Arkansas House committee passes bill to regulate paper ballot counties
Senate Bill 250 would place additional regulations on counties that choose to hand count election results. (Photo by Antoinette Grajeda/Arkansas Advocate)
A group of state representatives advanced legislation Monday that would require counties that opt to get rid of voting machines to bear the costs of paper ballots.
The Arkansas House Committee on State Agencies and Governmental Affairs passed Senate Bill 250 by Sen. Kim Hammer (R-Benton) on a split voice vote after several hours of debate and testimony that included debunked claims and conspiracies about election integrity.
The bill was introduced in response to a Donald Trump-connected group’s efforts to convince county quorum courts to ditch voting machines for hand-marked ballots and hand-counted election results.
Cleburne County in January became the first county in the state to pivot away from voting machines, but last week, the quorum court repealed that ordinance. An official from the Association of Arkansas Counties told the House committee Monday that the North Arkansas county had passed the January ordinance hastily and may not have realized its full implications.
Opponents of SB250 testified the bill would discourage counties from opting to count election results by hand.

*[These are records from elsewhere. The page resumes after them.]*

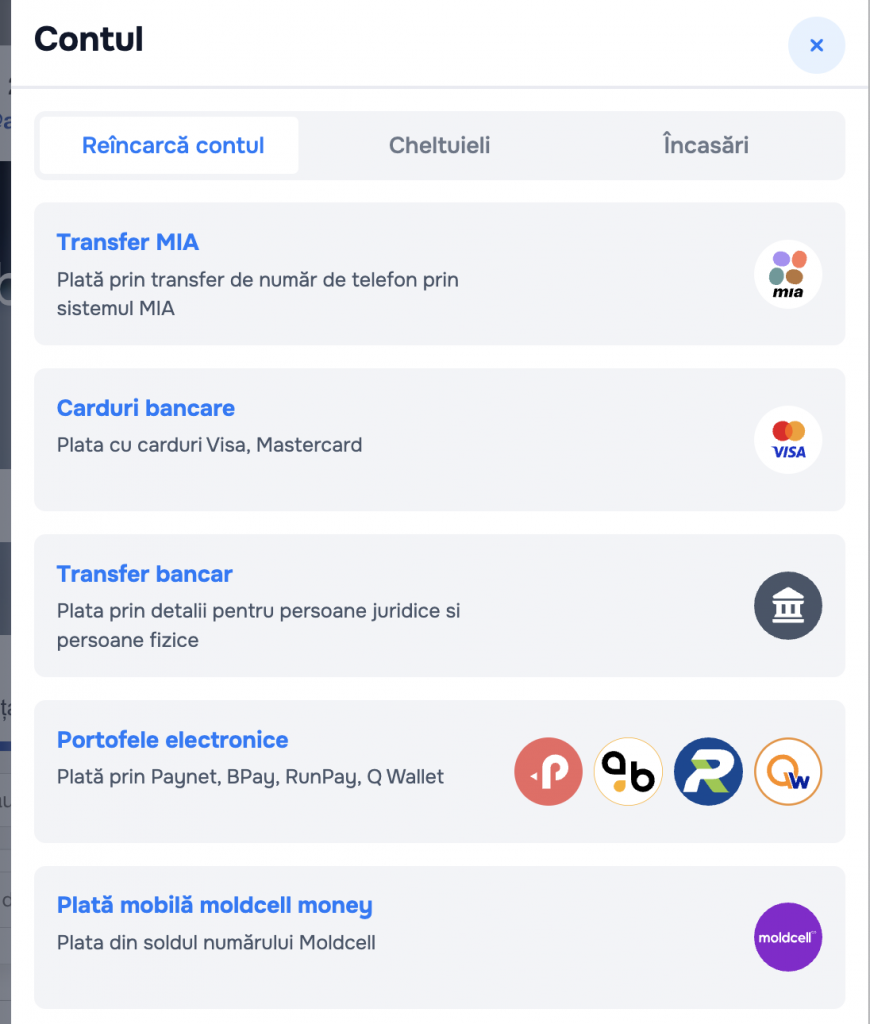 Pentru a suplini contul, trebuie să alegeți metoda cea mai convenabilă din lista de mai jos.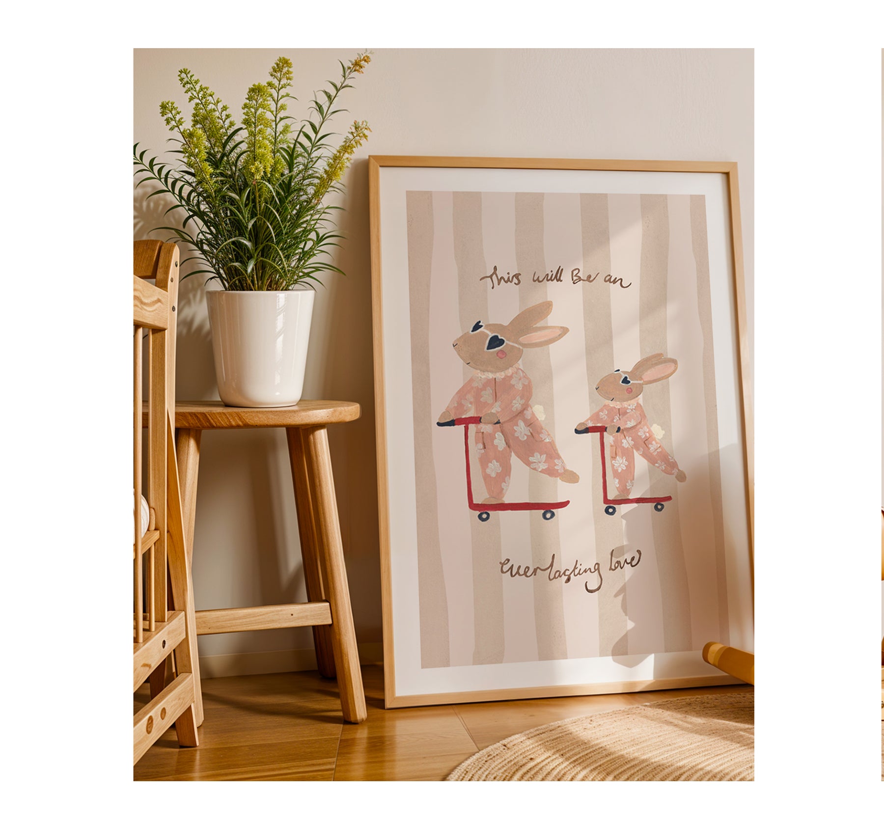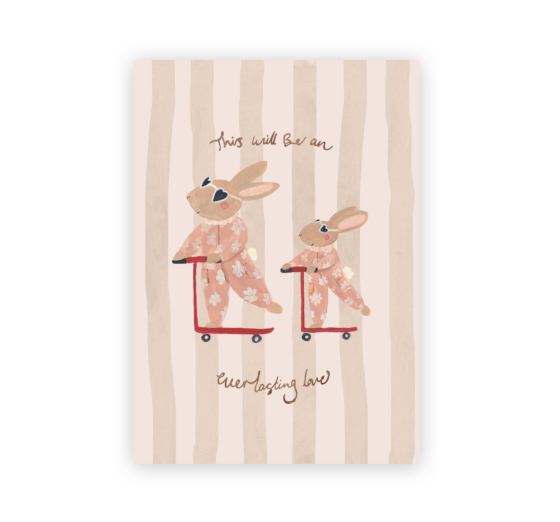 Hand painted rabbit pair riding on their scooters, part of our Sibling Love Series.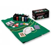 Artikel-Nr: 11201142Pokerset in Box. Set enthält: Tuch, Delaer-Chip, Big-Blind-Chip, Small-Blind-Chip, 200 Chips und zwei Kartenstapel. Material: Kunststoff, Papier, Textil und Metall.
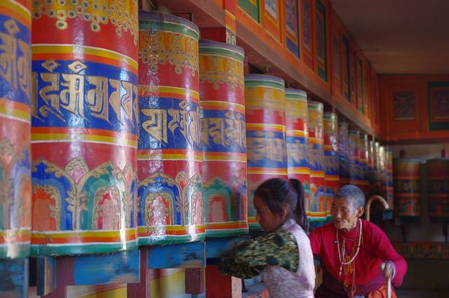 众多前来朝拜的藏民脸多有刻满岁月的沧桑,他们虔诚地转动着一个个转经筒,缓缓行进,沉静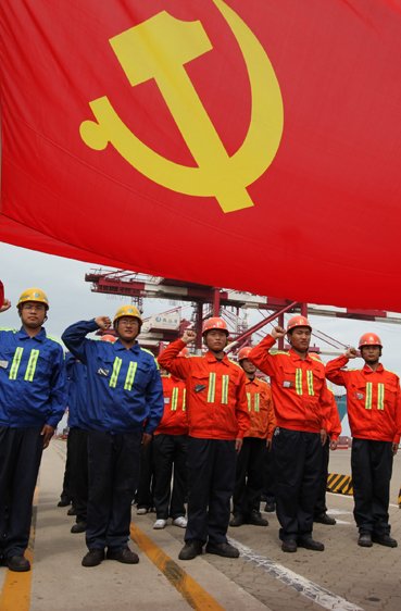 青岛港荣获“全国模范劳动关系和谐企业”称号。图为青岛港职工入党宣誓本报记者林瑞泉/摄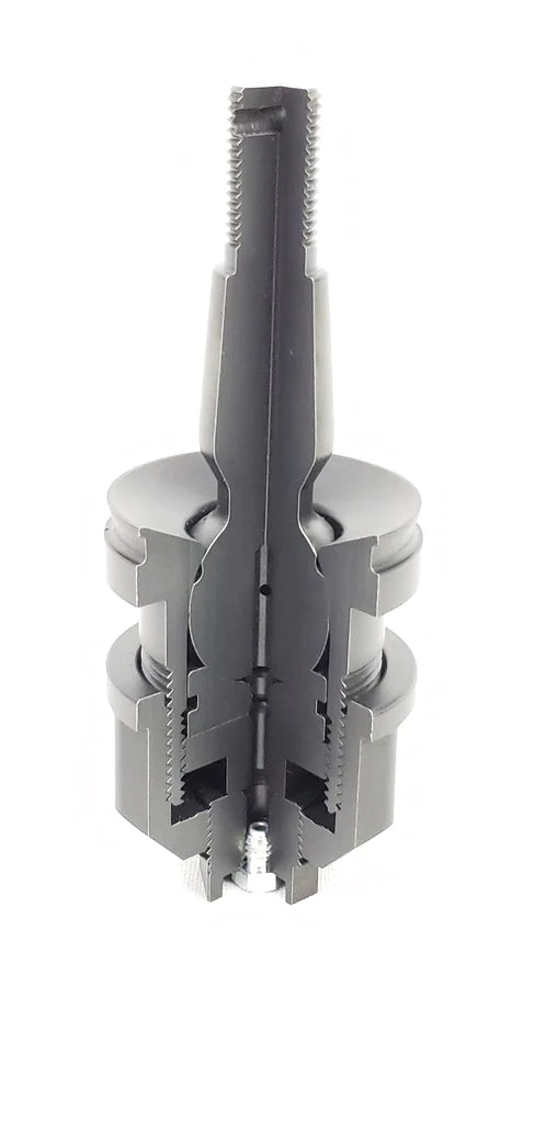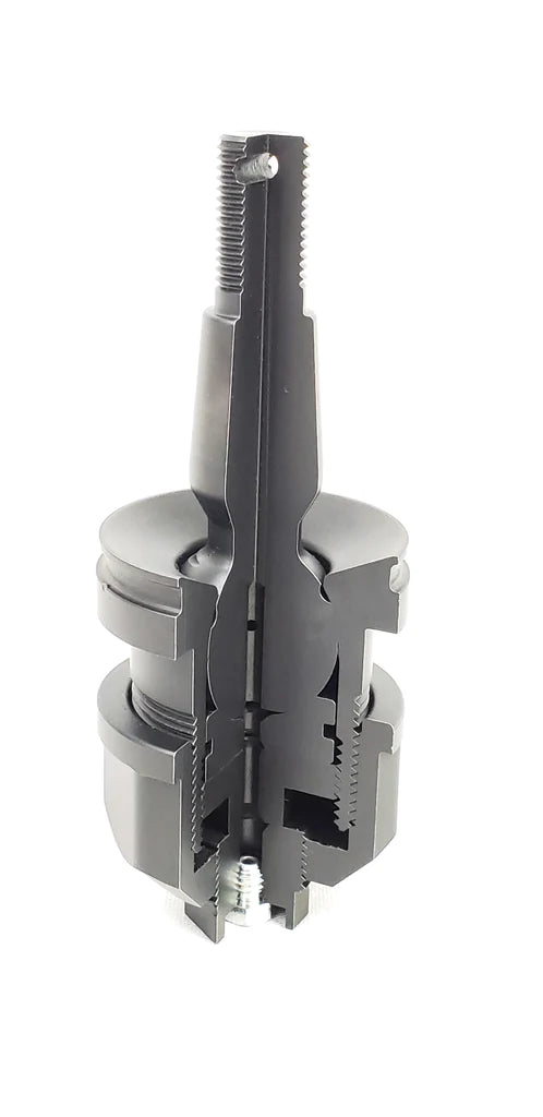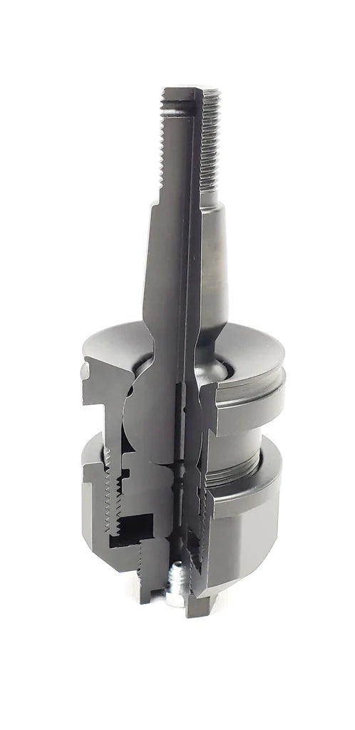 The most unique and proprietary part of our ball joints is the way in which we deliver grease to the stem itself. Through all 4 components which make up the inside of the ball joint there is a hole that is drilled allowing grease to be inserted into the flush mount grease fitting in the adjustment nut jamb bolt and pass all the way to the ball joint stem. In the stem, there is a cross drilled hole that allows grease to exit the side of the stem and grease the stem all the way around via a grease groove around the outside. Once grease is on the outside of the stem, we have a unique spiral groove that when the ball joint is pivoted it then carries the grease to the upper most portion of the ball joint. This ensures that the entire stem is greased to keep wear down and even more importantly keep water and other contaminants out.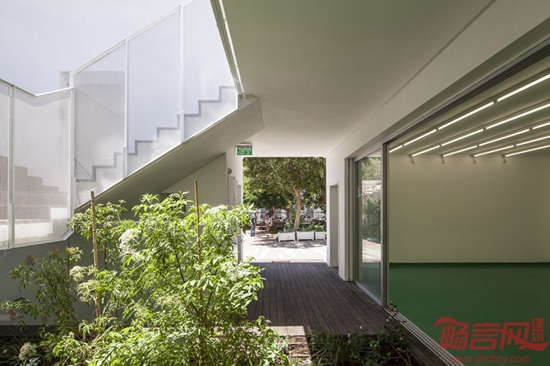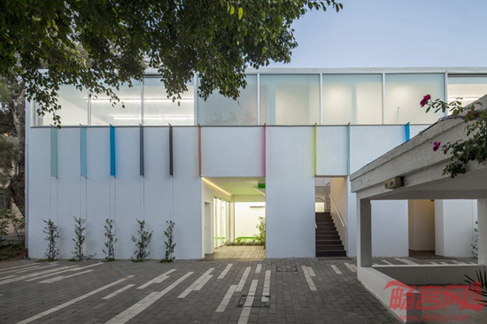 项目位于特拉维夫Neve Tzedek,设计旨在向法国画家马克·夏加尔的名作《飞跃小镇》致敬。这幅画作创作背景是,1917年苏联十月革命,夏加尔的处境危险,画的带着妻子飞着离开家乡,最终1923年回到法国。项目设计理念是让建筑成为城市的缩影,教室成为了迷你公寓,建筑主体模仿中世纪城镇的小房子,连同带有走廊的公共空间,小广场和不期而遇的花园。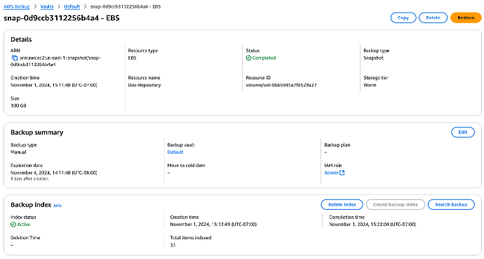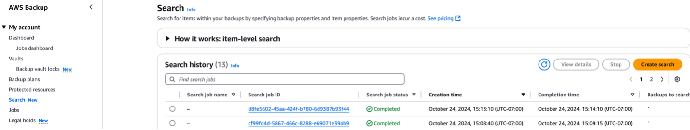 全部打开使用 AWS Backup 的 Amazon EBS 快照和 Amazon S3 备份搜索和项级恢复功能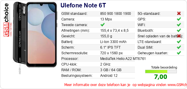 Gegevens van de telefoon Ulefone Note 6T op jouw webpagina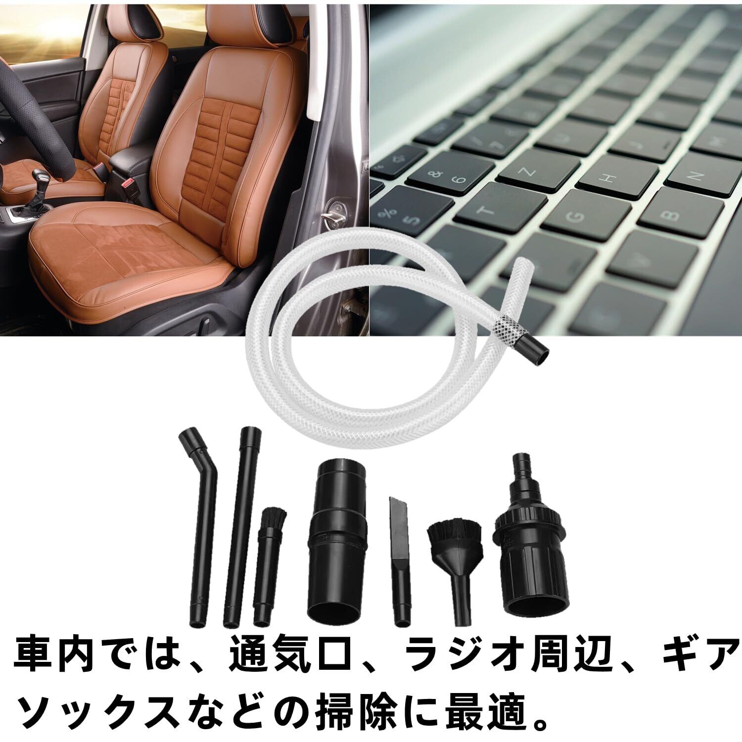 【車の掃除】普通の掃除機では届かないような場所にも届きます。 車内では、通気口、ラジオ周辺、ギアソックスなどの掃除に最適。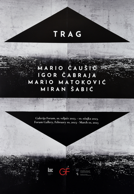 veljača 2023. TRAG,Mario Čaušić, Igor Čabraja, Mario Matoković, Miran Šabić, Galerija Forum Vrsta dokumenta: Plakat Djelatnost: Izdavaštvo Galerijska djelatnost Galerija Forum,10. veljače 2023.Izložba Trag (Mario Čaušić, Igor Čabraja, Mario Matoković, Miran Šabić) u Galeriji Forum.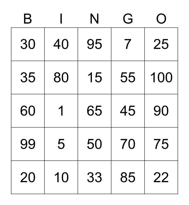 This bingo card has a free space and 24 words: 5, 10, 15, 20, 25, 30, 35, 40, 45, 50, 55, 60, 70, 75, 80, 85, 90, 95, 100, 1, 22, 99, 7 and 33.

Hammer said the proposal was not “anti-paper ballot,” saying the bill provides guidelines for any counties that do “deviate” from the rest of the state. Arkansas, he said, has a history of free, fair elections.
“Why should other counties have to bear the costs” for counties that choose to conduct elections differently from the proven method, Hammer asked.
SB250 would also require “paper-ballot counties” to use a state-approved machine to perform a preliminary count and declare preliminary, unofficial election results within 24 hours of polls closing.
“Paper-ballot county” is a bit of a misnomer because Arkansas’ current voting machines produce a paper ballot that can be reviewed by the voter. Those ballots are then fed into a ballot-tabulating device that counts the votes and stores the paper ballots.
Checks and audits are performed before and after elections to ensure the voting and counting machines work properly, and Arkansas has consistently received high marks for election security. Post-election audits have also verified that vote-counting machines worked as intended.
Arkansas Secretary of State Director of Elections Leslie Bellamy also testified that county clerks have the freedom to hand count ballots at any time to ensure accuracy during an election.
Rep. Cindy Crawford (R-Fort Smith), a cosponsor of SB250, said she voted against the bill because her constituents went “berserk” after the bill was introduced.
“They do not trust what’s going on,” Crawford said. “I don’t know how to fix that. I’m not smart enough to fix that. But what I am is I’m smart enough to vote for them.”
Conrad Reynolds, the CEO of the Arkansas group pushing for hand counts, told the panel Monday that approving SB250 would amount to choosing convenience over transparency, accountability and accuracy.
Though election experts said that hand counts are inaccurate and unrealistic, especially in urban counties, Reynolds testified that that they aren’t difficult to perform.
“There’s no reason to have a machine count your vote,” he said.
SB250 was already approved by the Senate, and it now goes to the House floor for final legislative approval.